Supplied data:
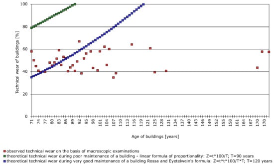 The adopted model and method of testing a representative group of downtown residential buildings with a traditional construction, which were erected at the turn of the 19th and 20th centuries, indicate that the age of the elements of old residential buildings is of secondary importance in the process of the intensity of loss of their serviceability value. No more than 30% of the element’s damage can be explained by the passage of time if we assume that the coefficient of determination is the measure of the adjustment of the mathematical models (as a function of the technical wear of building elements over time), which are tested in the nonlinear regression method. Therefore, it is not age that determines the course of the technical wear of the analysed building components.
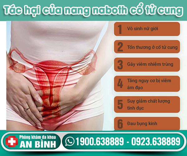 Nang naboth kích thước 4mm – 11mm nếu không được chữa trị kịp thời sẽ ảnh hưởng lớn đến đời sống tình dục và khả năng mang thai của nữ giới. Khiến chị em phải đối mặt với một số nguy hiểm như:
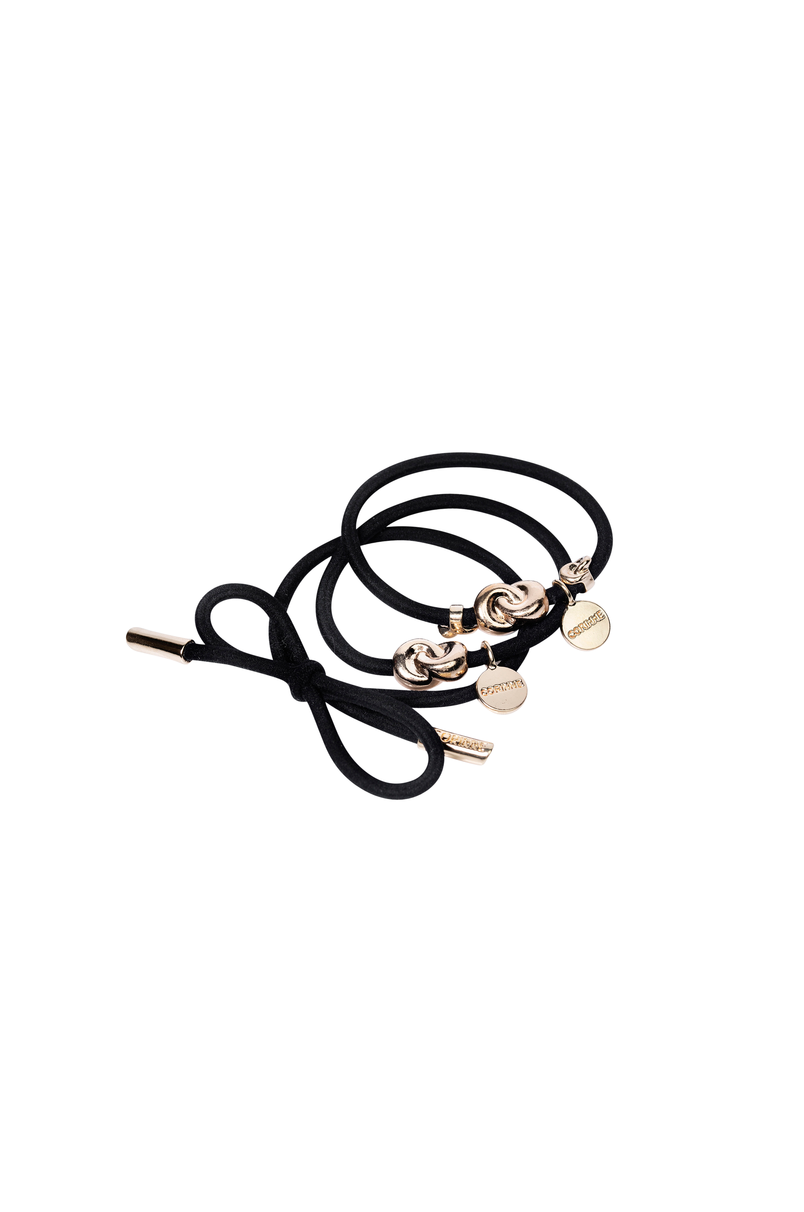 Corinnes klassiska hårsnoddar har en noggrant utvald elasticitet som håller hög kvalitet och är noga arbetad. Förpackning med tre snoddar med klassiska, guldiga metalldetaljer.
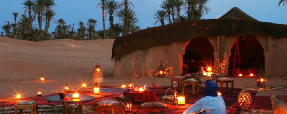 Petit déjeuner à l'hôtel. Départ des Gorges de Dadès pour la visite des Gorges de Todra. En suite direction vers les grandes dunes de Merzouga, une heure à dos de chameaux au coucher du soleil, puis installation et dîner sous tente nomade en plein désert.
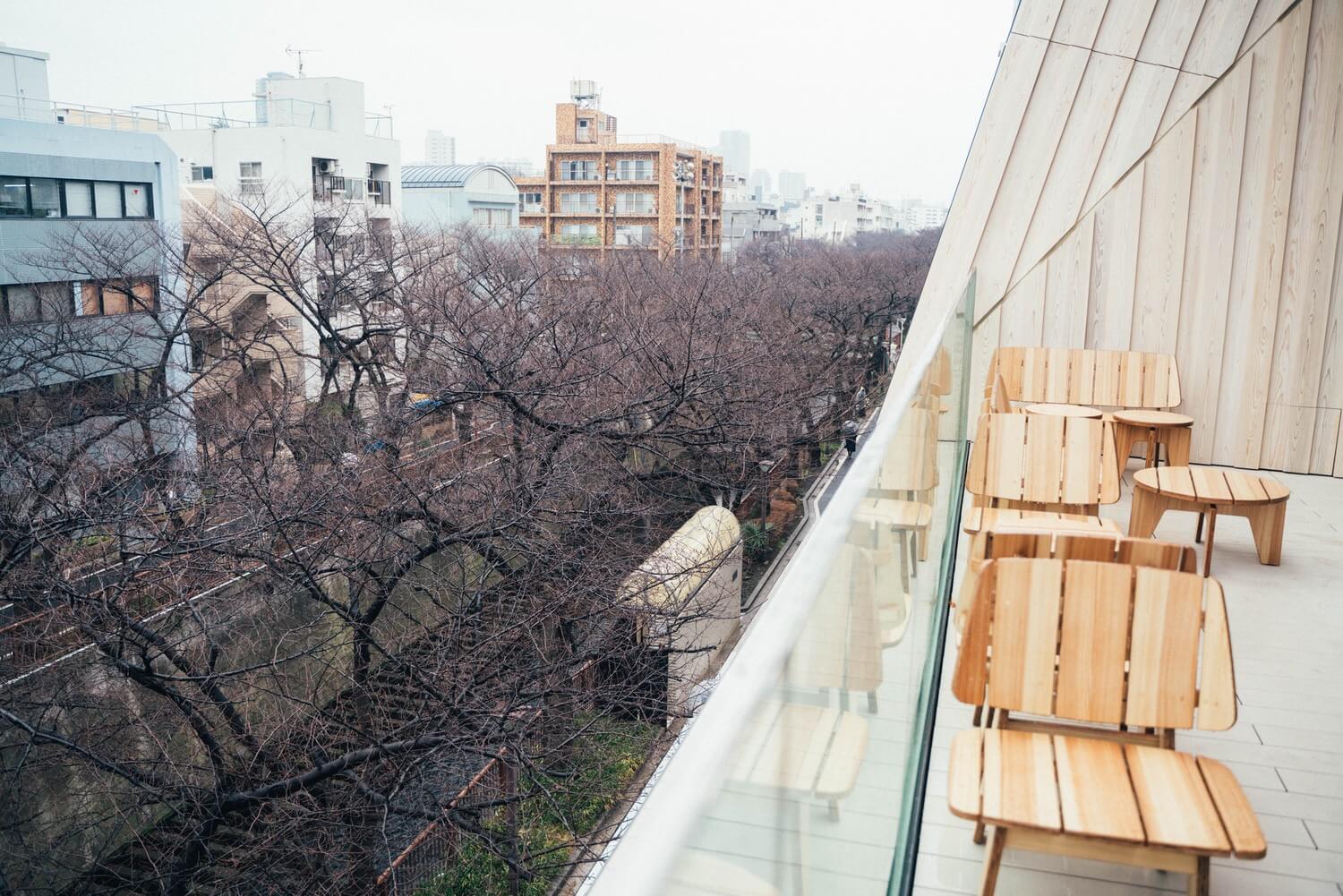 建筑结构上,这家门店以杉木和落地窗打通室内与室外的空间,由于店铺正好建在河川之上,消费者坐在室内便能看到窗外栽满樱木的目黑川河道。
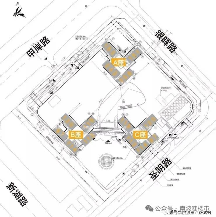 总建面约 10.56万㎡,商业建面约 1.15万㎡,住宅共有 三栋塔楼,建面约 4.86万㎡,三栋住宅 一层二层为商业,三层以上为住宅。
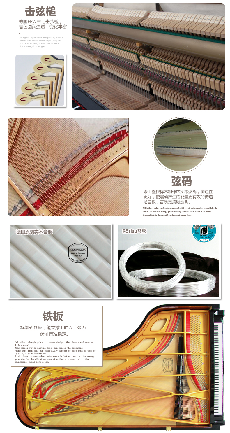 1.榔頭:擊弦槌采用德國進口FFW優質尼氈,音色柔和優美
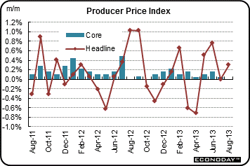 Producer prices accelerated in August on food and energy. The August producer price index rose 0.3 percent after no change in July. The core rate, which excludes both food and energy, was flat after a 0.1 percent rise in July. Expectations were for a 0.1 percent increase.
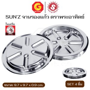 • Sun จานรองแก้ว จานรองสแตนเลส 9.7 ซม สแตนเลส430 ตราพระอาทิตย์ ถาดรองแก้วสแตนเลส (320226) /Set 4 ชิ้น
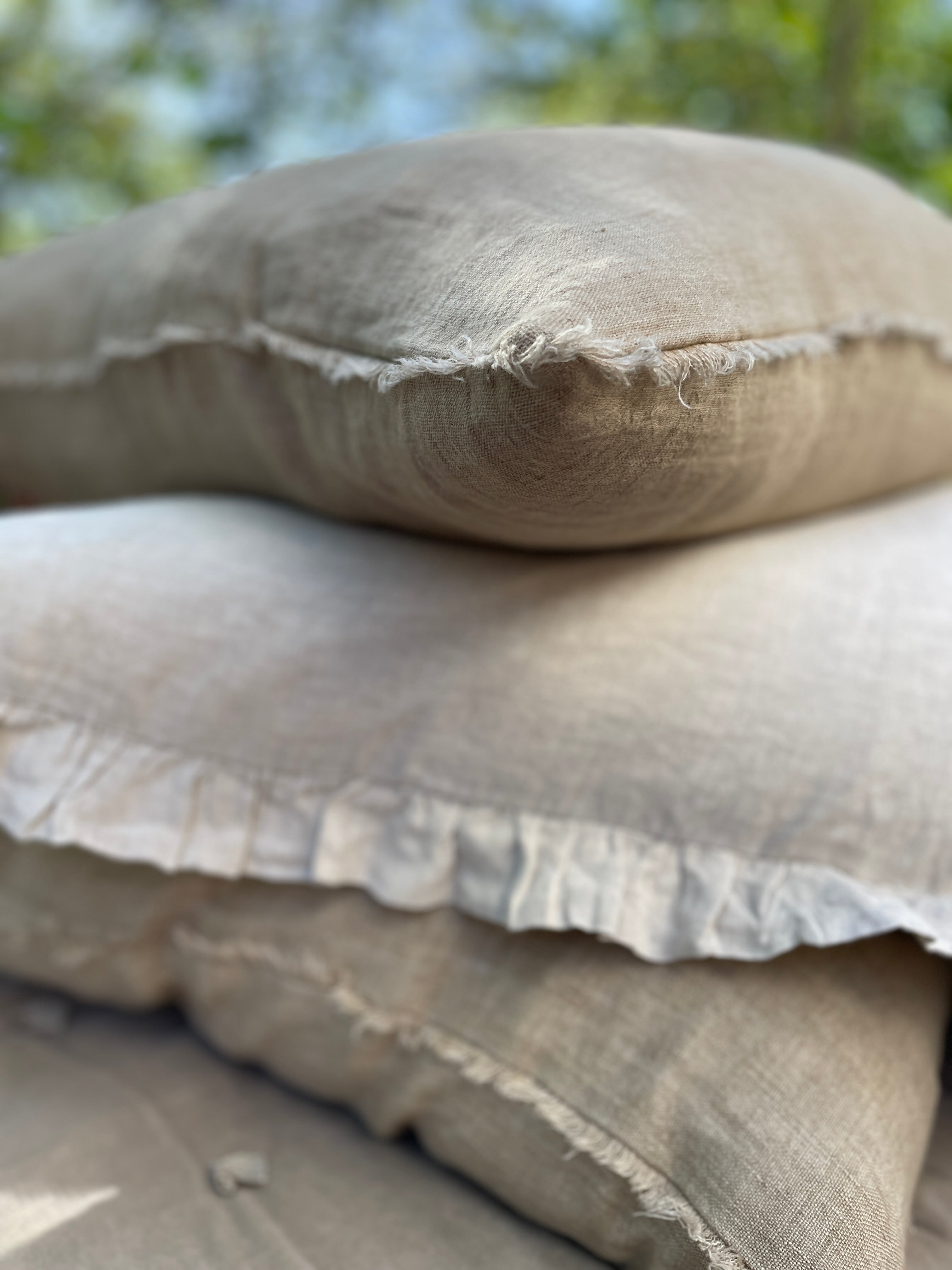 Large Decorative Linen Pillow - 100% Natural - OATMEAL

What you will do: Leaving the pictures aside, give back all the records exactly as they are.

Solution:
 The adopted model and method of testing a representative group of downtown residential buildings with a traditional construction, which were erected at the turn of the 19th and 20th centuries, indicate that the age of the elements of old residential buildings is of secondary importance in the process of the intensity of loss of their serviceability value. No more than 30% of the element’s damage can be explained by the passage of time if we assume that the coefficient of determination is the measure of the adjustment of the mathematical models (as a function of the technical wear of building elements over time), which are tested in the nonlinear regression method. Therefore, it is not age that determines the course of the technical wear of the analysed building components.
 Nang naboth kích thước 4mm – 11mm nếu không được chữa trị kịp thời sẽ ảnh hưởng lớn đến đời sống tình dục và khả năng mang thai của nữ giới. Khiến chị em phải đối mặt với một số nguy hiểm như:
 Corinnes klassiska hårsnoddar har en noggrant utvald elasticitet som håller hög kvalitet och är noga arbetad. Förpackning med tre snoddar med klassiska, guldiga metalldetaljer.
 Petit déjeuner à l'hôtel. Départ des Gorges de Dadès pour la visite des Gorges de Todra. En suite direction vers les grandes dunes de Merzouga, une heure à dos de chameaux au coucher du soleil, puis installation et dîner sous tente nomade en plein désert.
 建筑结构上,这家门店以杉木和落地窗打通室内与室外的空间,由于店铺正好建在河川之上,消费者坐在室内便能看到窗外栽满樱木的目黑川河道。
 总建面约 10.56万㎡,商业建面约 1.15万㎡,住宅共有 三栋塔楼,建面约 4.86万㎡,三栋住宅 一层二层为商业,三层以上为住宅。
 1.榔頭:擊弦槌采用德國進口FFW優質尼氈,音色柔和優美
 Producer prices accelerated in August on food and energy. The August producer price index rose 0.3 percent after no change in July. The core rate, which excludes both food and energy, was flat after a 0.1 percent rise in July. Expectations were for a 0.1 percent increase.
 • Sun จานรองแก้ว จานรองสแตนเลส 9.7 ซม สแตนเลส430 ตราพระอาทิตย์ ถาดรองแก้วสแตนเลส (320226) /Set 4 ชิ้น
 Large Decorative Linen Pillow - 100% Natural - OATMEAL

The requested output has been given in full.